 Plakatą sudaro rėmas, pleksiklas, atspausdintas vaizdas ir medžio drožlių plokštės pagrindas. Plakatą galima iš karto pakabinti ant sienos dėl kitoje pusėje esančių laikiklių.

==========

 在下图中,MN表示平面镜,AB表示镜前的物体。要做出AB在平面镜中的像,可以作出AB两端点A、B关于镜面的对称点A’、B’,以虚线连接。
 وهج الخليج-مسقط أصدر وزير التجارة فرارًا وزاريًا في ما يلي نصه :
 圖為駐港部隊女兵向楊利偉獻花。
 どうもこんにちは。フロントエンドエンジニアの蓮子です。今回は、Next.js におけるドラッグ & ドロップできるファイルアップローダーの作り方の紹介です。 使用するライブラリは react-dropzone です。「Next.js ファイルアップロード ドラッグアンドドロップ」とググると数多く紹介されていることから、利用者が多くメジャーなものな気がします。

==========

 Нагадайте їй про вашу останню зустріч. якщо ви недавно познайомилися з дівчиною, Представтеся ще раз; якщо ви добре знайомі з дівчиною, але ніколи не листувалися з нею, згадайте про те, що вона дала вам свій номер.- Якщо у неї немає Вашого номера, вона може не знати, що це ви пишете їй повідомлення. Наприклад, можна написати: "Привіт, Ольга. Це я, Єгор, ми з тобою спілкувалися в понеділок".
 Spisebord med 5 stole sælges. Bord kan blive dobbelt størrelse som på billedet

==========

PROBLEM TO WORK ON: From the entries above, restate word for word the lines from the line containing "Нагадайте їй про" to the line containing "Spisebord med 5", both ends included, and nothing more.

FINAL ANSWER:
 Нагадайте їй про вашу останню зустріч. якщо ви недавно познайомилися з дівчиною, Представтеся ще раз; якщо ви добре знайомі з дівчиною, але ніколи не листувалися з нею, згадайте про те, що вона дала вам свій номер.- Якщо у неї немає Вашого номера, вона може не знати, що це ви пишете їй повідомлення. Наприклад, можна написати: "Привіт, Ольга. Це я, Єгор, ми з тобою спілкувалися в понеділок".
 Spisebord med 5 stole sælges. Bord kan blive dobbelt størrelse som på billedet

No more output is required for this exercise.